62-year-old John Hepworth has RCC and is a VHL sufferer. He was 53 when he received his diagnosis in 2013, and since then, he has been elected to the board of trustees of the VHL UK/Ireland organization.

“We’ve known for years that there was a problem, that there was something strange going on in our family background. Four of my family members who were directly related to me in the last five generations passed away in their forties, and the fifth passed away at age 56. I was diagnosed with the disease when I was 53 years old, which is relatively late in comparison to some people. My sister and uncle have had genetic testing since being diagnosed. My sister and my uncle had children, but my wife and I don’t, and happily, they both gave us the negative. Knowing that it ends with me after all these years gives me a lot of peace.

“When I received my diagnosis, I thought I was the only person on earth suffering from this condition. However, the VHL UK/Ireland charity was just getting going again at the time, so I contacted them, and things went from there. Being so uncommon, the disease can be tremendously isolating at times. However, you always know that surgery is on the horizon and that it is only a matter of time. To ensure that people are aware that there is a community here for them and assistance if they need it, as well as to attempt and spread awareness, is crucial.
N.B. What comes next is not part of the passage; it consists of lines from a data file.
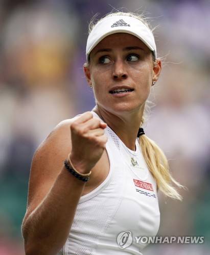 epa07689556 Angelique Kerber of Germany celebrates her win over compatriot Tatjana Maria in their first round match during the Wimbledon Championships at the All England Lawn Tennis Club, in London, Britain, 02 July 2019. EPA/WILL OLIVER EDITORIAL USE ONLY/NO COMMERCIAL SALES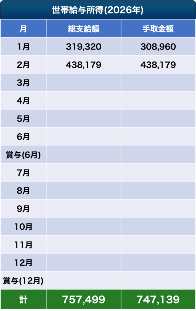 - 2026年2月の給与所得(育児休業給付金)は夫婦合計で438,179円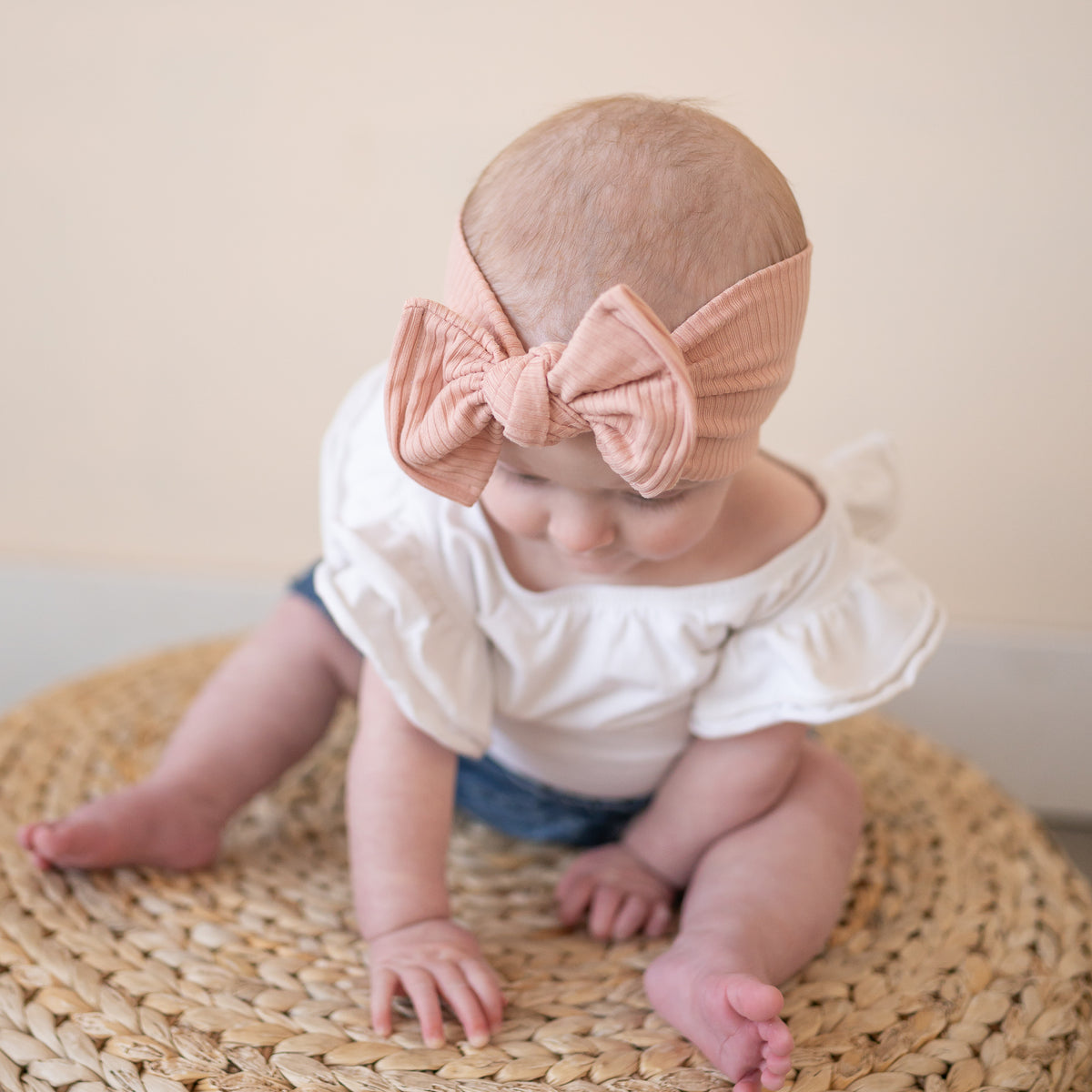 Light Pink Ribbed • Oversized Bow • Baby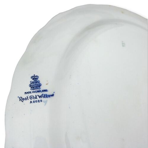 Classic midcentury English transferware platters in the timeless “Real Old Willow” pattern by Booths, featuring cobalt blue and gold trim. This duo includes both medium and large platters, perfect for serving or display. Rich with traditional Chinoiserie motifs and marked on the reverse.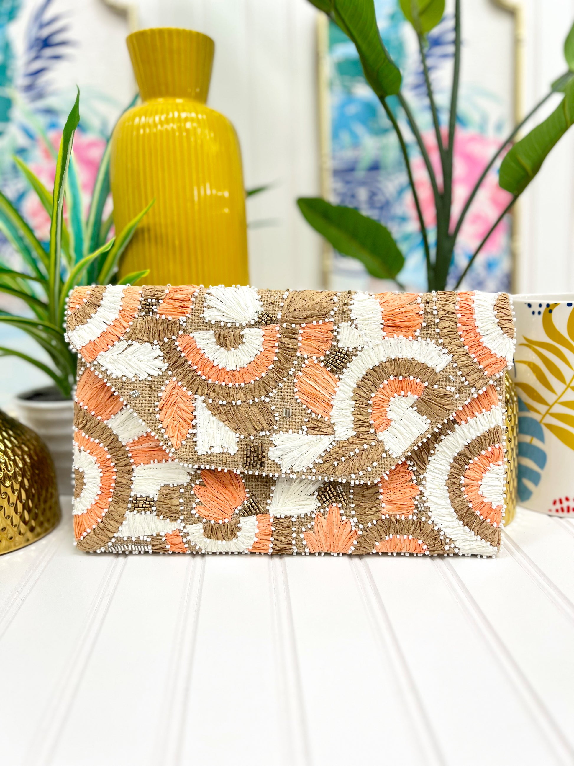 Jute raffia clutch bag.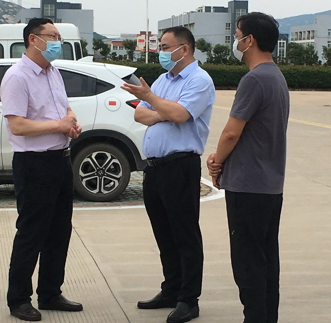 8月11日下午,三亿sanyi(中国)公司党委书记、董事长杨龙以“四不两直”方式对我公司疫情防控工作落实情况进行督查;我公司党委书记、董事长、总经理朱桂玉,党委副书记、纪委书记、工会主席曹开明陪同。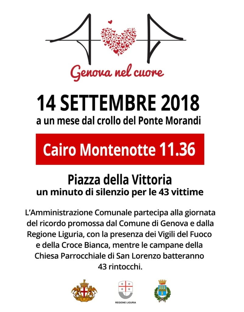A un mese esatto dal crollo del ponte Morandi, alle ore 11,36 in Piazza della Vittoria si terrà un minuto di raccoglimento in memoria delle 43 vittime del crollo del Ponte Morandi, con la presenza dei Vigili del Fuoco e della Croce Bianca, mentre le campane della Chiesa Parrocchiale di San Lorenzo batteranno 43 rintocchi.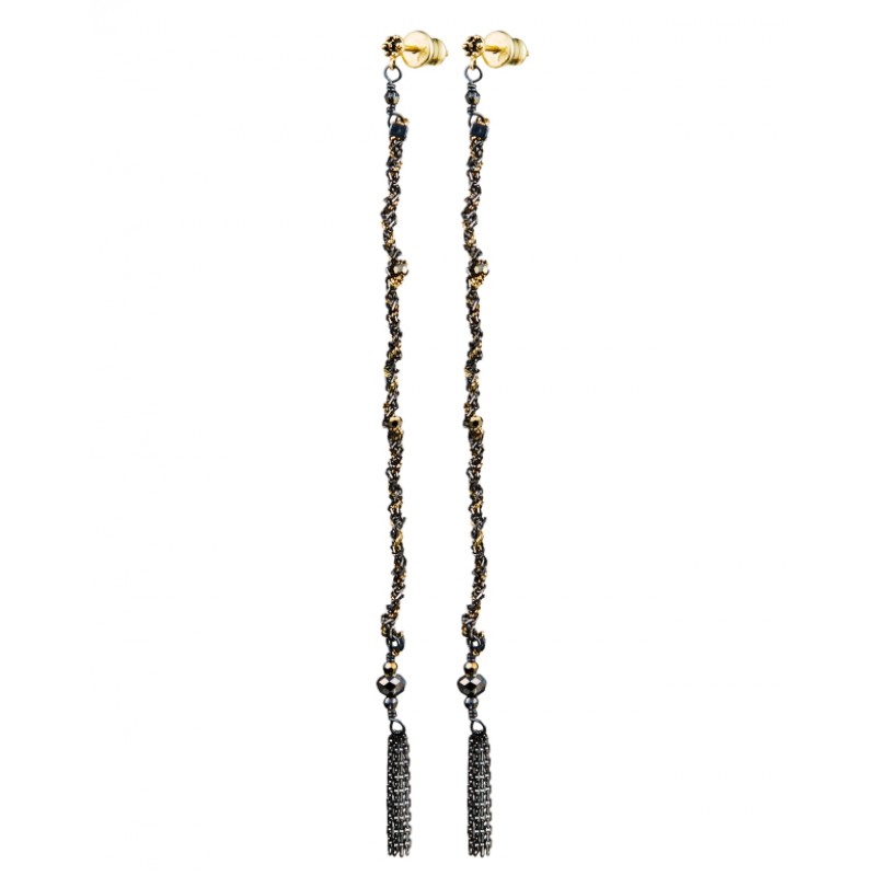 Rankų darbo ilgi sidabo auskarai, puošti rodžiuoto sidabro grandinėlėmis ir cirkonio karoliukais. Sidabras 925.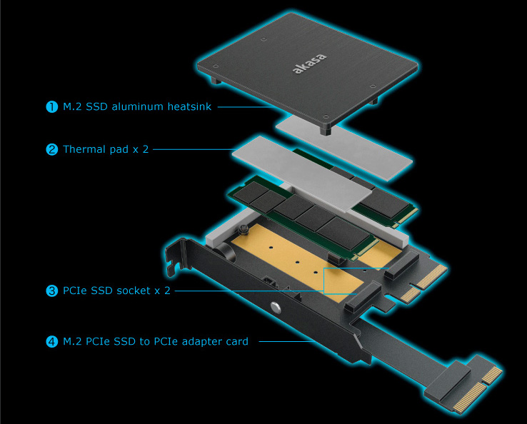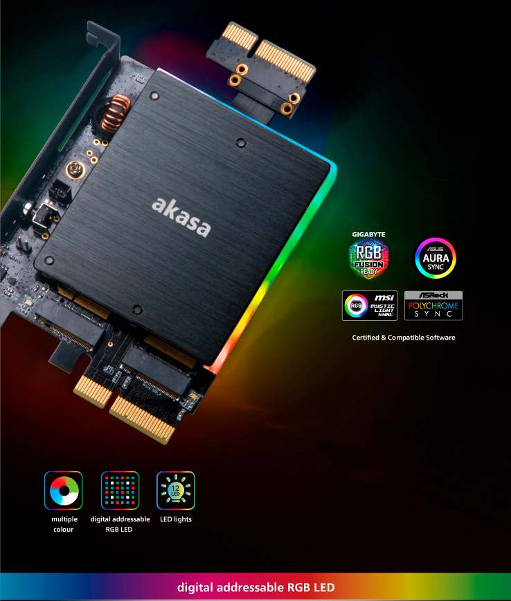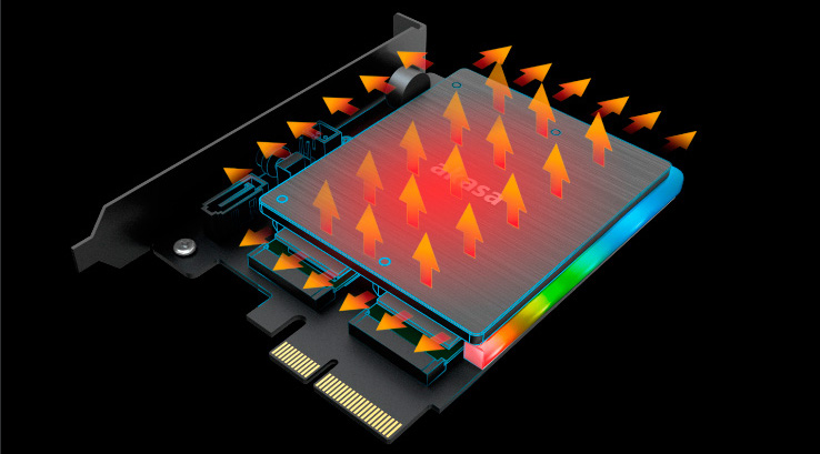 Tento adaptér převádí dva disky M.2 PCIe SSD tak, aby fungovaly v hlavní desce sběrnice PCIe x4, snižuje teplo SSD, přidává digitální adresovatelnou barvu RGB

“At the VHL UK/Ireland charity, we advocate for the approval of novel treatments. The majority of us as a community is in critical need of a form of care, such as frequent scans and procedures, that can at least make things better. Although there are opportunities in the works, nothing else is available to us just yet. It’s excellent that there is so much research being done, like this, to try and uncover other choices, as research is essential if we are to find something to help.

Joshua Mann, MPH, Director of Health, VHL Alliance, said: “As a result of research, the outlook for those living with VHL disease has improved greatly in recent years. Even before the VHL gene was identified, the standard of care has always been a lifetime of surveillance with frequent, painful, and expensive surgeries to remove tumours interspersed within the body. We are approaching a new era of managing VHL disease, with a major paradigm shift that could eventually even do away with these surgeries. A way to treat VHL-related tumours without surgical intervention would be a huge boost for those with the condition. The VHL Alliance is actively exploring opportunities to bolster and support these important research efforts.”

To determine whether attacking IL1B macrophages is a successful treatment for RCC, researchers are now organizing clinical trials. These trials have a good chance of producing positive findings because some lung cancers can be prevented with the help of current medications that target this route.

Dr. Thomas Mitchell, a senior author of the work from the Wellcome Sanger Institute and the University of Cambridge, expressed his optimism about the possibility of treating renal cell carcinomas without surgery by targeting IL1B macrophages. This will be crucial for patients with VHL illness because, by focusing on their genetic causes, we might be able to prevent tumors from developing in the first place rather than waiting for them to spread and then eliminating them. The earlier we can take action, as is the case with all cancers, the better.